━━ DATASET EXCERPTS ━━

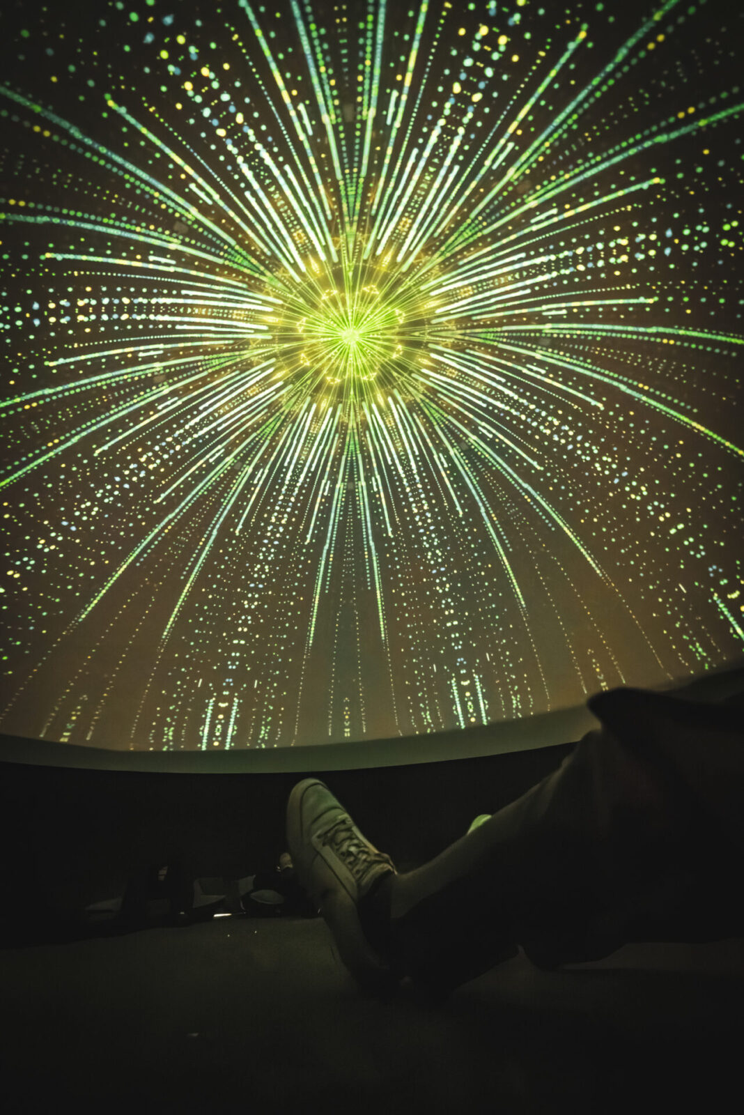 Zodra je de ReCharge-dome binnenstapt, laat je de buitenwereld achter en word je ondergedompeld in een meeslepende audiovisuele reis. De voorstelling verweven in muziek, licht en projectie geven je een zintuiglijke ervaring die voelt als een droom in beweging. Geluidsgolven pulseren door je lijf terwijl organische visuals zich om je heen ontvouwen als ademende landschappen.
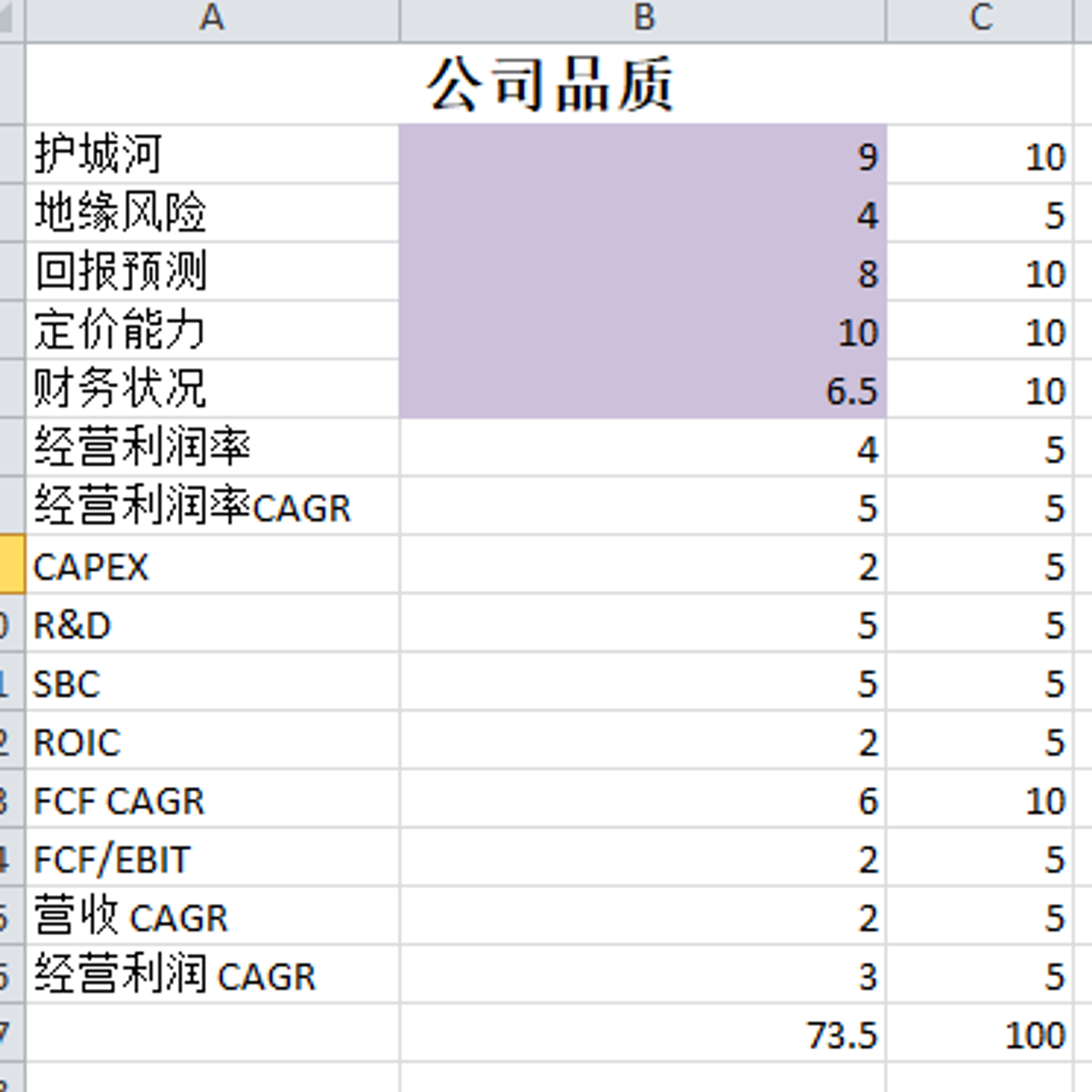 -公司品质73.5分,并没有想象中那么高,主要扣分项目是财务状况,CAPEX,ROIC,和各项盈利指标增长速度。
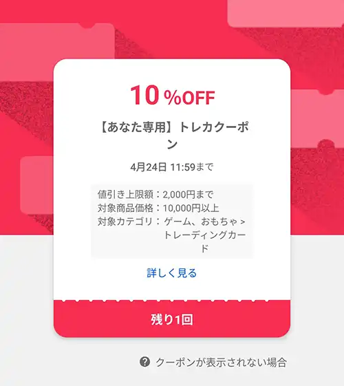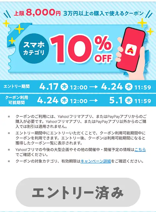 また、Yahoo!フリマでは定期的に『クーポン』を配布(エントリーなど必要な場合あり)。中には最大『10%OFF』といった利益度外視な大盤振る舞いも。
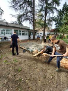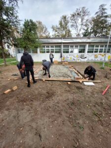 Ученици трогодишњих образовних профила – руковаоци грађевинском механизацијом и декоратери зидних површина били су веома вредни ове јесени. Радили су на чишћењу и припремању терена за изградњу учионице на отвореном. Изливали су стопе за летњиковац и постављали цигле као природни материјал за под. Наравно, треба истаћи да су сви радови ишли брже и лакше јер су несебично помогли и мајстори који раде на одржавању школе, као и неколико ученика геодетске и архитектонске струке.
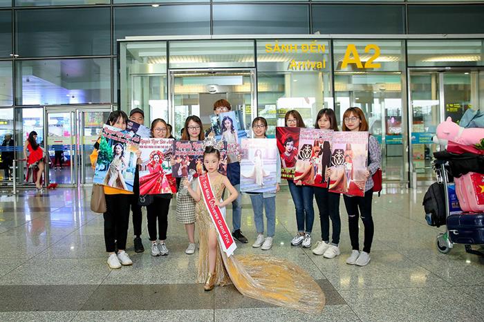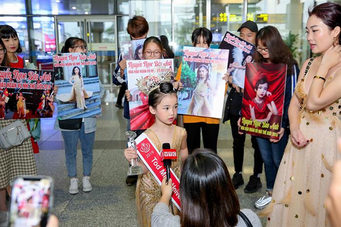 Ra đón Nguyễn Ngọc Bảo Anh ở sân bay là đông đảo người hâm mộ. Không chỉ mang theo hoa, quà để tặng cho Nữ hoàng sắc đẹp nhí mới của thế giới, rất nhiều fan còn mang theo băng rôn, hình ảnh của Nguyễn Ngọc Bảo Anh trong cuộc thi và không ngừng gọi tên Bảo Anh để thể hiện sự yêu mến.
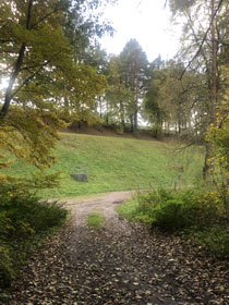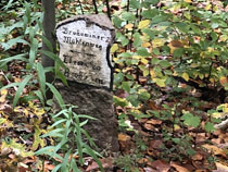 Hier verrät ein Markierungsstein (unten rechts), dass man sich fortan auf dem Holzweg befindet. Hoffentlich ist das wörtlich und nicht sprichwörtlich zu nehmen.

━━━

- [REQUIREMENT]: Please retype only the lines from the line that holds "Ra đón Nguyễn" through the end of the records, exactly as they stand, and drop every picture.

- [TASK ANSWER]:
 Ra đón Nguyễn Ngọc Bảo Anh ở sân bay là đông đảo người hâm mộ. Không chỉ mang theo hoa, quà để tặng cho Nữ hoàng sắc đẹp nhí mới của thế giới, rất nhiều fan còn mang theo băng rôn, hình ảnh của Nguyễn Ngọc Bảo Anh trong cuộc thi và không ngừng gọi tên Bảo Anh để thể hiện sự yêu mến.
 Hier verrät ein Markierungsstein (unten rechts), dass man sich fortan auf dem Holzweg befindet. Hoffentlich ist das wörtlich und nicht sprichwörtlich zu nehmen.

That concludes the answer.